We're five days in, still fixing and tweaking and planning out our next steps, but so far, so tasty!

Big thanks to everyone at the Library who has helped make this happen, and to the site visitors helping us create a robust catalog of dishes.

I'm getting hungry just thinking about it!


*Amy is now full-time at Design*Sponge

Saturday, April 16, 2011

Tabla's Unleavened Bread Bar



Danny Meyer's beloved Tabla closed a few months ago after twelve years in business. And although I wish the Library had more Tabla menus than the small handful from 2007, I am pleased that one of them includes Chef Floyd Cardoz's Unleavened Bread Bar menu, created for Passover week. 

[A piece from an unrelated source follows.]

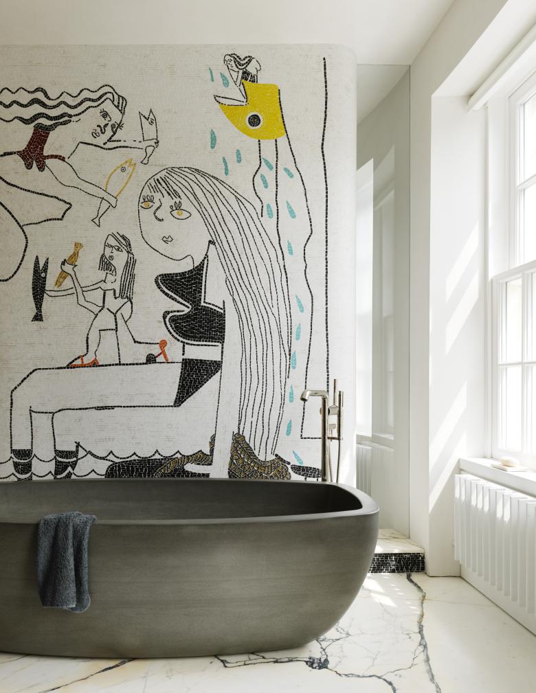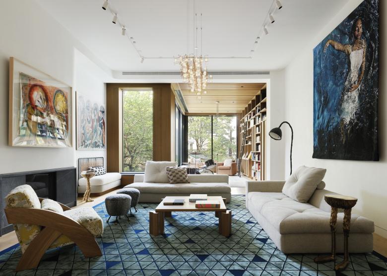 The clients, art collectors with a very diverse collection of emerging artists, wanted the house to have the same youthful and creative energy as their pieces. As architects, builders, and interior designers, we were able to work closely with skilled craftsmen to create bespoke places for art. In addition, select wall space was left empty to allow new art to be installed in a flexible gallery style. One-of-a-kind fabrics and rugs were created to be art pieces in their own right, complementing work by artists including Takashi Murakami, Tracey Emin, Danielle Orchard, Hyegyeong G. Choi, Derek Fordjour, Sanford Biggers, Kehinde Wiley, and Summer Wheat.

I'm not sure when restaurants began to offer meals catering to the Passover crowd; most kosher restaurants close for the duration of the holiday because a thorough cleaning of any leavened bread product (biur chametz) is a serious chore, and add to that the requirement to use different pots, pans, plates, etc. and you've got a lot of work on your hands, especially for a restaurant.

Non-kosher restaurants don't have those restrictions, so they can offer seders and Passover meals to anyone interested.  In New York this year, there are quite a few seders taking place: Savoy in SoHo, Capsouto Freres in Tribeca, JoeDoe in the East Village, Sammy's Roumanian on the Lower East Side, and Julian Medina's Toloache, Yerba Buena, and Yerba Buena Perry.  And Joan Nathan writes about others joining the trend in the Times this week.

I'll be contacting the above restaurants to add their menus to our Passover collection, and if anyone is attending a seder, or simply dining, at a Passover-friendly restaurant this week, please let me know.